We need some big picture perspective here. I am in the "Beatles Demographic" (fifty-something), and (surprise, surprise) I buy on iTunes. But I own all of the Beatles LPs AND all of the CDs, so their iTunes availability is not a factor for me. But this is not about whether my generation will buy the Beatles on iTunes, or whether the current generation will buy them, or whether they are relevant, boring, revolutionary or overrated. It is about making money selling music.
The fact is that their catalog will be extraordinarily valuable for many decades to come. Like it or not, they are legends. Don't take my word on that - just read the history books. And legends sell. In case you haven't checked, Duke Ellington has been dead for 30 years, but but people are still buying his music (there are around 4000 of his titles on iTunes - lots of duplicates, but still...). Hank Williams died in 1953, and he is on iTunes (maybe a few hundred tracks). Arturo Toscanini died over 50 years ago, and there are 600 of his recordings on iTunes.

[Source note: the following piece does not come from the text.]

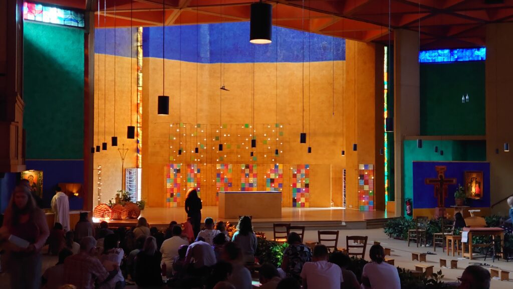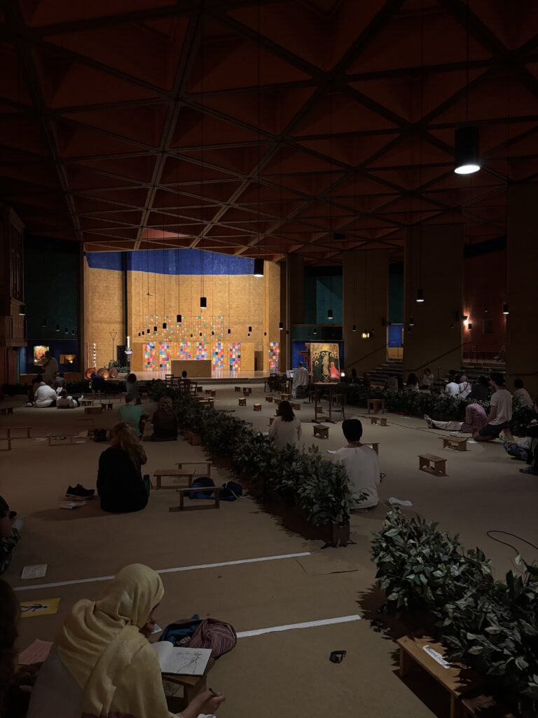 Anschließend nahmen wir am ersten von insgesamt drei täglichen Gottesdiensten teil. Dieser war für viele von uns ein völlig neues Erlebnis, da wir Gottesdienste von Zuhause anders kannten: Es wurde viel gesungen – auf Französisch, Deutsch, Niederländisch, Ungarisch und anderen Sprachen. Die sogenannten Frères (Mönche) lasen aus der Bibel vor, und es gab eine etwa achtminütige Stillezeit fürs persönliche Beten und Nachdenken. Bei den Morgengebeten wurde außerdem die Eucharistie gefeiert. Kaum betraten wir die Kirche, übertrug sich die ruhige Atmosphäre spürbar auf uns – getragen von der Stille, die in der Kirche eingehalten wird.
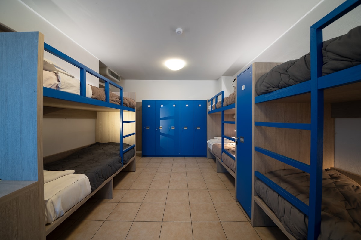 Se desideri vivere in pieno “stile ostello”, potrai scegliere un posto letto nella nostra camerata mista dotata di 3 letti a castello. Ogni posto letto dispone di luce da lettura e presa per cellulari/computer; il bagno con doccia è in comune ai 6 posti letto. La camera è dotata di balcone con affaccio sul giardino dell’Ostello. Incluso: - 1 armadietto privato con serratura - Bagno con doccia in comune - Climatizzazione con regolazione autonoma - Colazione a buffet

Some of those recordings date back to the late 1920's, and have been issued on '78's, reissued on 45s, reissued over and over on vinyl, and then on CD, and now on digital downloads, AND PEOPLE ARE STILL BUYING THEM. They may not sell like Fergie, but they make money, because record companies are not charities, and don't release things that don't make a profit. Having the catalog of a legend is like having gold. Every generation is a new opportunity to sell these artists' work to new audience, and they will spend at least some money on them because they are legends. And you don't have to mount a multi-million dollar promotional campaign with billboards, magazine articles, Letterman appearances, and SuperBowl audience shots to convince people that they are stars. The history books do that for them.